Figure 8Autophagy programs are upregulated in livers from spaceflight mice. Cluster analysis using EGAN software was performed using genes associated with autophagy programs generated by BIOMART. Genes were clustered using a radial force-driven display. Intensity of color (red = upregulated, green = downregulated, grey = not detected) is associated with degree of fold change and width of the bounding circle is inversely related to p (corr)-value. n = 6 animals per group were used for the analysis.
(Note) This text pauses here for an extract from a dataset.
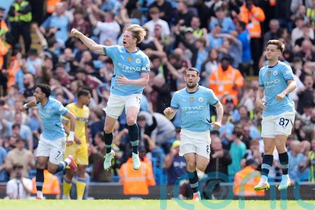 De Bruyne’s 33rd-minute free-kick changed the momentum and Omar Marmoush levelled moments later. Mateo Kovavic, James McAtee and Nico O’Reilly struck in a one-sided second half.

Figure 9NFE2L2/NRF2-mediated pathways are downregulated in spaceflight mouse livers. Ingenuity Pathway Analysis was used for analysis of mRNA transcript levels in livers from FLT and AEM control mice. Grey = unchanged, green = downregulated, red = upregulated. Intensity of color correlates with degree of fold-change. n = 6/group.